Hi all,
I am new to python and multivac, I try to download tweets from last year elections.
I have troubles downloading more than 10 000 tweets for a specific query, and understanding the pagination system.
Here is the request :
total = requests.get(‘https://api.iscpif.fr/v2/pvt/politic/france/twitter/search?q=2017LeDebat&output=id_str,ca,tx,usr.tmz&since=2017-05-03&until=2017-05-04&count=1&from=1&api_key=’ + api_key).json()[‘results’][‘total’]
from_arg = 1
print(‘number of tweets’, total)
while from_arg < total / 100:
print(‘Doing tweet {}’.format(from_arg))
results = requests.get(‘https://api.iscpif.fr/v2/pvt/politic/france/twitter/search?q=2017LeDebat&output=id_str,ca,tx,usr.tmz&since=2017-05-03&until=2017-05-04&count=100&from=’ + str(int(from_arg)) + ‘&api_key=’ + api_key).json()[‘results’][‘hits’]

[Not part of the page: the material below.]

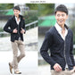 白シャツと合わせて上品な雰囲気を演出! その上からコートを羽織りデキる男の雰囲気に!! 同系色のアウターを羽織っても、パイピングデザインがあることで着こなしにアクセントが付き、コジャレ感のある着こなしにしてくれます♪

write_tweets(results, “tweetMacronLepen.json”)
from_arg += 1
Is it possible to download more than 10k tweets in one shot ? Usually after I download 100 pages I receive this error.
Doing tweet 99
Doing tweet 100
Doing tweet 101
Traceback (most recent call last):
File “tweet_v5page.py”, line 17, in
results = requests.get(‘https://api.iscpif.fr/v2/pvt/politic/france/twitter/search?q=@MLP_Officiel&output=id_str,ca,tx,usr.tmz&since=2017-05-03&until=2017-05-04&count=100&from=’ + str(int(from_arg)) + ‘&api_key=’ + api_key).json()[‘results’][‘hits’]
KeyError: ‘results’
What do I need to change in my code to download the 100 next pages ? When I change “from=” to 1, 2, 3, sometimes it’s working and the 100 next pages of tweets are downloaded, sometimes it’s not and the exact same tweets are downloaded.
Thank you for your help !
Edgar